In 1870, Britain was the world's richest economy, but by the late 1970s it had become the sick man of Europe.

Its ambassador to Paris was so concerned that he sent a confidential despatch to London entitled "Britain's decline" documenting the loss of influence since the days when Winston Churchill was able to speak to Josef Stalin and Harry Truman on relatively equal terms at the Potsdam Conference in 1945.

"Today we are not only no longer a world power but we are not in the first rank even as a European one," Nicholas Henderson wrote in the 1979 despatch.

"Our decline is shown not simply by the statistics but by the look of our towns, airports, hospitals, local amenities," he said.

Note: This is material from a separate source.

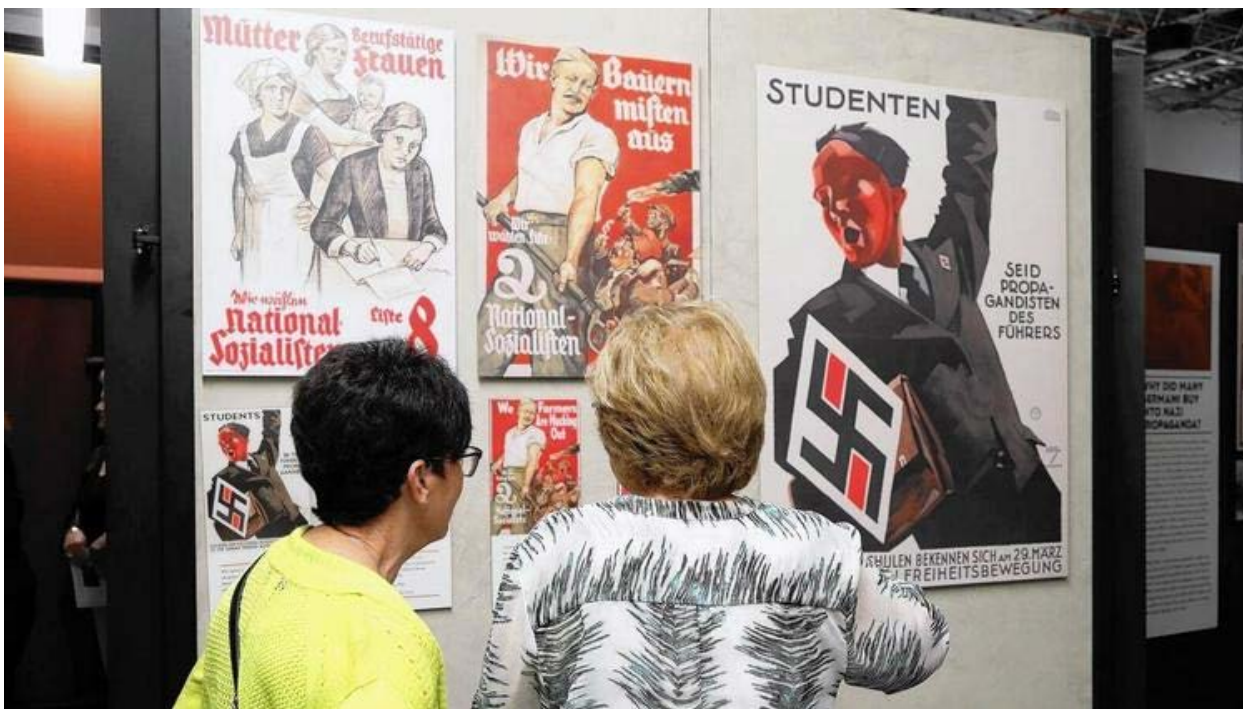
Visitors view the State of Deception: The Power of Nazi Propaganda exhibit at the Holocaust Documentation & Education Center in Dania Beach.

After being forced to beg the International Monetary Fund for a bailout during the 1976 sterling crisis, the Labour government faced the strikes of the 1978-79 "winter of discontent" which left Britons struggling with piles of uncollected rubbish and even backlogs at mortuaries as grave diggers demanded higher wages.

"Decline isn't good enough for Britain," Thatcher told a Conservative rally in the northern city of Newcastle on the eve of the 1979 election which brought her to power.

British gross domestic product per person was 40 percent lower than in the United States and even France and Germany were 10-15 percent ahead.

"If you look at the raw numbers, for 100 years Britain was in a relative decline compared to the United States, France and Germany so although we were improving our standard of living, relative to other countries we were falling further behind," said John Van Reenen, director of the Centre for Economic Performance at the London School of Economics.

Van Reenen, born in 1965, stood on the streets protesting against Thatcher when he was a student at Cambridge in the late 1980s, but said the data showed Thatcher had helped turn Britain round economically, albeit at a human cost.

"The century of relative decline was arrested and to some degree turned around by the policies she had. But it is not all rosy in the garden - there were costs to that strategy. The main one is inequality which also increased hugely over her reign."

By 2007 on the eve of the financial crisis, GDP per capita had overtaken both France and Germany and the gap with the United States had been reduced to about 33 percent, according to Van Reenen's calculations.

The flipside of that was that unemployment on her watch rose and old industries such as coal mining began to shrivel up as she focused on privatization and boosting the service sector and home ownership.

CANARY WHARF

If London's docks epitomized the national decline she was trying to reverse, Canary Wharf would come to symbolize the international capitalism she helped create.

Part of what was once the world's largest port, it processed imports from the British Empire such as rum and sugar before being used to land tomatoes and bananas from the Canary Islands.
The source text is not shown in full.